For very small dimensions, such as the diameter of a human hair, the prefix micro (µ), meaning 0.000001, is used in front of the meter, yielding micrometers (µm).
Below is the complete scale of prefixes and their multipliers:
| Name | Symbol | Factor |
|---|---|---|
| yotta | Y | 10²⁴ |
| zetta | Z | 10²¹ |
| exa | E | 10¹⁸ |
| peta | P | 10¹⁵ |
| tera | T | 10¹² |
| giga | G | 10⁹ |
| mega | M | 10⁶ |
| kilo | k | 10³ |
| hecto | h | 10² |
| deka | da | 10¹ |
| — | — | 1 |
| deci | d | 10⁻¹ |
| centi | c | 10⁻² |
| milli | m | 10⁻³ |
| micro | µ | 10⁻⁶ |
| nano | n | 10⁻⁹ |
| pico | p | 10⁻¹² |
| femto | f | 10⁻¹⁵ |
| atto | a | 10⁻¹⁸ |
| zepto | z | 10⁻²¹ |
| yocto | y | 10⁻²⁴ |
SI Multiples with Special Names
Some SI multiples have special names and symbols:
- Volume: liter (l or L), 1 l = 1 dm³
- Mass: tonne (t), 1 t = 1,000 kg
- Pressure: bar (bar), 1 bar = 10⁵ Pa
Rules for Using SI Units
There are several rules governing the use of the SI system and its units:
- A unit may have only one prefix. For example, “millimillimeter” is not allowed; instead, “micrometer” should be used.
- Most prefixes that make a unit larger are written with uppercase letters (M, G, T, etc.). Exceptions are kilo (k), hecto (h), and deka (da). Prefixes that make a unit smaller are written in lowercase (m, n, p, etc.).
- Many units are eponymous, meaning they are named after people. Such unit names are written in lowercase when spelled out (newton, volt, pascal, etc.) but with an uppercase letter when abbreviated (N, V, Pa, etc.). An exception is the liter, where “L” is allowed to avoid confusion with the number 1.
- Abbreviated units are never pluralized.
- Unit symbols (J, N, g, Pa, etc.) are never followed by a period, unless at the end of a sentence.
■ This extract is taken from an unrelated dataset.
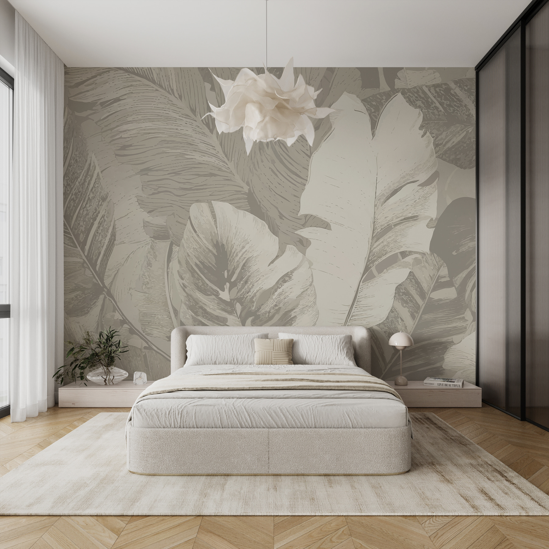 Stel je voor dat je een kamer binnenloopt waar subtiele natuurtinten in een oogwenk rust brengen. Deze muurschildering is als een zacht gefluister uit een tropisch woud, met palmbladeren en junglebomen die verstoppertje spelen in zachte, rustgevende kleuren. Het is bijna een geheime schuilplaats, direct aan je muur. Perfect voor een lui zondagmiddagdutje of gewoon een gezellig praatje met vrienden. De houtachtige texturen voegen een warm tintje toe, waardoor elke ruimte aanvoelt als een sereen toevluchtsoord – zonder de vervelende insecten of vochtigheid! Een vleugje elegantie uit de natuur voor je dagelijkse toevluchtsoord.

- Numbers may be grouped in sets of three digits separated by spaces (not commas) to improve readability.
- The SI system recommends using a comma as the decimal separator (3,14159). Using a decimal point, common in English-speaking countries, is acceptable provided the dot is aligned with the bottom of the digits (3.14159) and not centered.